The National Development Council (NDC) said yesterday that it plans to cooperate with local and foreign venture capital firms to establish five US$100 million funds to finance local startup companies.
The project is included in the council’s “HeadStart Taiwan” project, which aims to create a favorable environment for local startups and is likely to be approved by the Cabinet this week, NDC Minister Kuan Chung-ming (管中閔) said on the sidelines of this year’s Taiwan Startup and Venture Capital Policy Forum yesterday.
“We set up five teams for these funds, with each of them to look for its own partners specializing in different industries,” Kuan said.
The National Development Fund (NDF) is to invest 30 to 40 percent of the capital in each fund, Kuan said, adding that the fund plans to allow its venture capital partners to receive more than 60 to 70 percent of the profits that the funds post in the future, Kuan said.
Kuan said the council has talked with many venture capital firms, including 500 Startups, a seed fund and startup accelerator based in Silicon Valley, about joining the project.

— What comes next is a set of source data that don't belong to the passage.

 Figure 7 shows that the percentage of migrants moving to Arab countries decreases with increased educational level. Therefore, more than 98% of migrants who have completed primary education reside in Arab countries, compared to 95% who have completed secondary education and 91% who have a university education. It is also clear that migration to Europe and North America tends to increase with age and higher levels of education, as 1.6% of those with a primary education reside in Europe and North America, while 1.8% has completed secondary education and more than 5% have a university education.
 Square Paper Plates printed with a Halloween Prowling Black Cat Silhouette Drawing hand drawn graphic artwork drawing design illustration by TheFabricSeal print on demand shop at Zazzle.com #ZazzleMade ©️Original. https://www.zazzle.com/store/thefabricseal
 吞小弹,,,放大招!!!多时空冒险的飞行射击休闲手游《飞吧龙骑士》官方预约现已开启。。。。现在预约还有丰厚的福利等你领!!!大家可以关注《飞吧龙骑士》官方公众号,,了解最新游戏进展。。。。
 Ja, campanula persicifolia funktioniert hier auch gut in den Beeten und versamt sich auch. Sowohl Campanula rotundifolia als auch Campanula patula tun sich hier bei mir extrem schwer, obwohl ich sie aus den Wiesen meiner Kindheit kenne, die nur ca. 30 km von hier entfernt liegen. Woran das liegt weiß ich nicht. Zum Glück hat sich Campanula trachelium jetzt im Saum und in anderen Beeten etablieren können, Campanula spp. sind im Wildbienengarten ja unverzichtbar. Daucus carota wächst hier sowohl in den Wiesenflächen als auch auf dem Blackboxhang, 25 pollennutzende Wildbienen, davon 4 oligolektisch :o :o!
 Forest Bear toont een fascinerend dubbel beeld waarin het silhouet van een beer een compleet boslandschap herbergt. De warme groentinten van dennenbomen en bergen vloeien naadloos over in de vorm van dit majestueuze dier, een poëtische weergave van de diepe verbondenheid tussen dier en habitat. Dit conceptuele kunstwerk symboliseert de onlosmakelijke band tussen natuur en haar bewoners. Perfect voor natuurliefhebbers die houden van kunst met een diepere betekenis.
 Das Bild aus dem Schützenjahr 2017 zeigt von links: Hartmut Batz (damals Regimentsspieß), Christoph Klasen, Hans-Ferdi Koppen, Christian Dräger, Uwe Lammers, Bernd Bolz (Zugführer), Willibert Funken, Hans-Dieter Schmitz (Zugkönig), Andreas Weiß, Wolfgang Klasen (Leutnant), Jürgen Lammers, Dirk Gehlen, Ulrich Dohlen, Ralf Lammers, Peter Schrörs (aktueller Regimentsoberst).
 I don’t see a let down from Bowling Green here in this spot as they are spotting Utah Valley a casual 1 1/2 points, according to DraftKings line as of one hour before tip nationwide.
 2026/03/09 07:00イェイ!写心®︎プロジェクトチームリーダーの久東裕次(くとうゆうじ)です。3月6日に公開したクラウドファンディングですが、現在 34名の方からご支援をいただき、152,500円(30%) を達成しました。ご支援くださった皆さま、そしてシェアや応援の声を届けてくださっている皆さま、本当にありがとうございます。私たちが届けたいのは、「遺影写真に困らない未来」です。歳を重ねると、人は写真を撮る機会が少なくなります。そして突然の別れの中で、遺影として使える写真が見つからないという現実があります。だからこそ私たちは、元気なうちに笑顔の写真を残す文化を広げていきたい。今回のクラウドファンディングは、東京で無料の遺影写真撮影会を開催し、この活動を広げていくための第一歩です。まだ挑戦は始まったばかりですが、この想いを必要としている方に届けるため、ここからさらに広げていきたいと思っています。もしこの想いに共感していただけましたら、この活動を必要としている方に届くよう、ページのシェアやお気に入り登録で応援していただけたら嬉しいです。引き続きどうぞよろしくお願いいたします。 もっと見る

Meanwhile, the council also aims to ease regulations for domestic startups to change the par values of their shares, Kuan said.
“Taiwanese companies currently do not need to set the par values of their shares at NT$10 as before, but they are still not allowed to change the values once the figures are determined,” Kuan said.
Kuan said the council still needs to talk to the Ministry of Economic Affairs and Financial Supervisory Commission to change the related rules.
Forum attendee Paul Wang (王伯元), chairman of SerComm Corp (中磊), which makes wireless as well as wired network products, said angel funds that invested in Facebook Inc enjoyed a return on investment of 5,000 times when the company went public, because they invested at a very early stage when Facebook set its par value at a low level.
“The high return on investment is the reason the US has so many angel funds to help startups,” Wang said, adding that a fixed par value of stocks reduced possible return for similar funds in Taiwan.